Personal information
- Full name: Rubina Francis
- Born: Jabalpur,Madhya Pradesh, India

Sport
- Country: India
- Sport: Shooting

Achievements and titles
- Paralympic finals: 2024 Paris ; 2020 Tokyo 7th;

Medal record
Representing India
Women's shooting
Paralympic Games
| Bronze medal – third place | 2024 Paris | P2 10 m air pistol SH1 |
Asian Para Games
| Bronze medal – third place | 2022 Hangzhou | 10 m air pistol |

= Rubina Francis =

Indian para pistol shooter

Rubina Francis (born 1999) is an Indian para pistol shooter. She won the bronze medal at the P2 10 m air pistol SH1 event at the 2024 Paralympics Games.
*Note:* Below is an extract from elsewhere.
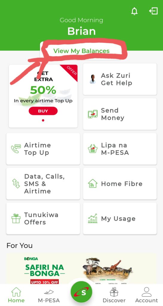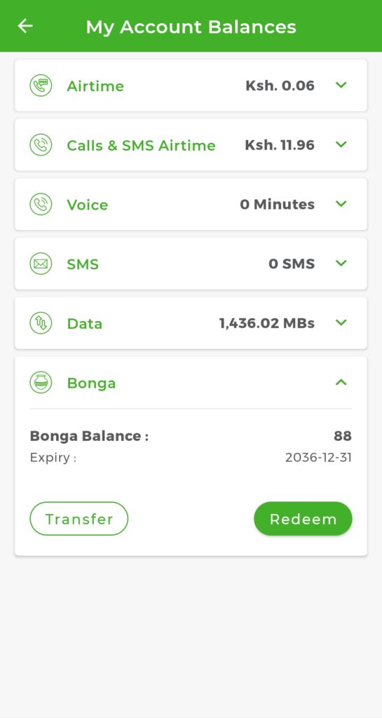 As stated earlier, the MySafaricom app bypasses the not-always-reliable USSD options. It allows users to easily check their data, airtime, Bonga Points, and SMS balances with just one click.

She made history by becoming the first Indian woman to clinch a Paralympics medal in pistol shooting by winning a bronze.

== Early life ==
Rubina is from Jabalpur, Madhya Pradesh.

== Career ==
Rubina was ranked number five by the International Shooting Sport Federation in 2021 in Women's 10m Air Pistol SH1 (World Shooting Para Sport Rankings). She participated in the 2018 Asian Para Games in the P2 - Women's 10M Air Pistol (SH1 Events).

She qualified for the 2020 Summer Paralympics in Tokyo, Japan and finished 7th in the final.

She won a gold medal at the World Shooting Para Sport Championships in Al Ain, United Arab Emirates in 2022.

She qualified to represent India at the 2024 Summer Paralympics at Paris. She secured an Olympic quota berth for Paris Paralympics under bipartite rule in July 2024.